I'm most interested in suggestions for brother-brother or sister-sister incest fiction, but I'm also willing to try recommended books involving brother-sister incest.
holyschist: Image of a medieval crocodile from Herodotus, eating a person, with the caption "om nom nom" (Default)

[personal profile] holyschist 2010-04-02 08:18 pm (UTC)(link)
Elizabeth E. Wein's The Winter Prince has some major brother-brother incest undertones, although there's only one expression of it and it's...dubious? Seriously not healthy, but it is Mordred we're talking about (she also wrote a short story exploring his incestuous relationship with his mother, which is very very dubiously consensual). Medraut and his sister Goewin have some odd tension, too.

Arthurian stories are pretty loaded with (at least initially) consensual brother-sister (or in some versions, nephew-aunt) incest, although that may not be what you're looking for.
holyschist: Image of a medieval crocodile from Herodotus, eating a person, with the caption "om nom nom" (Default)

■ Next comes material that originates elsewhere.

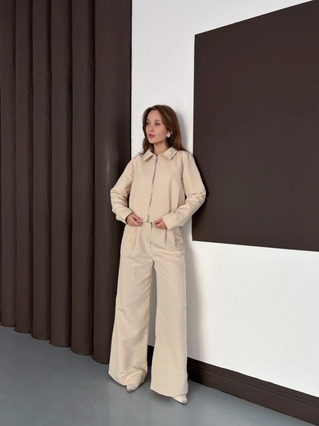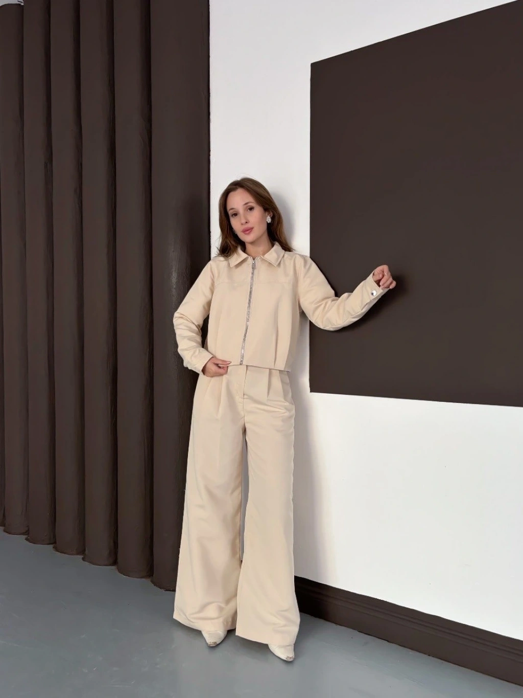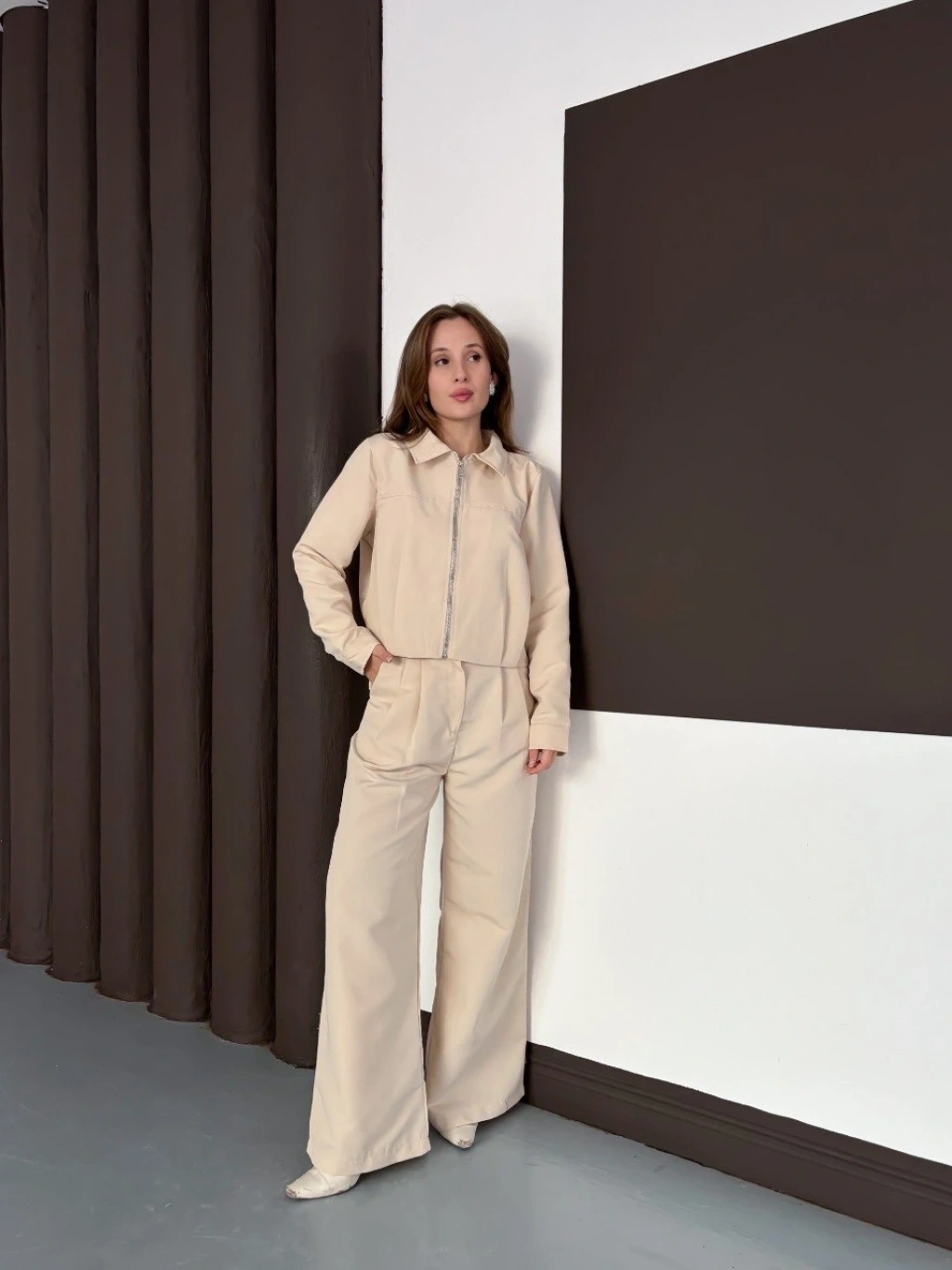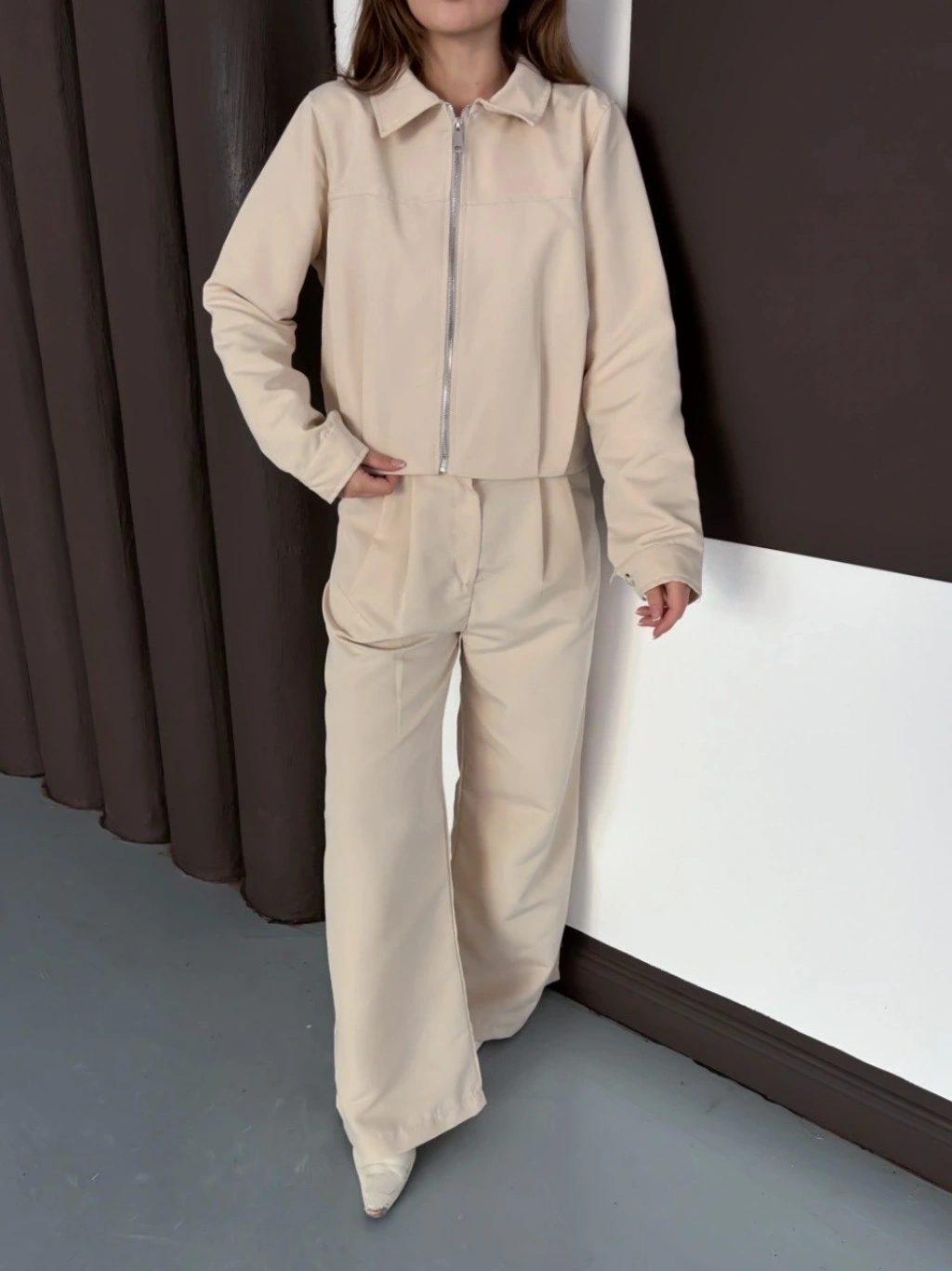 Trenç takım alt üst bej ons

[personal profile] holyschist 2010-04-08 07:22 pm (UTC)(link)
It's not the main focus of the book by any stretch of the imagination, but this is hands-down my FAVORITE portrayal of Mordred, and just an amazing book all around. (The sequels end up mostly focused on Mordred's son Telemakos and are set in a pretty fictionalized Ethiopia--much more removed from Arthurian legend.)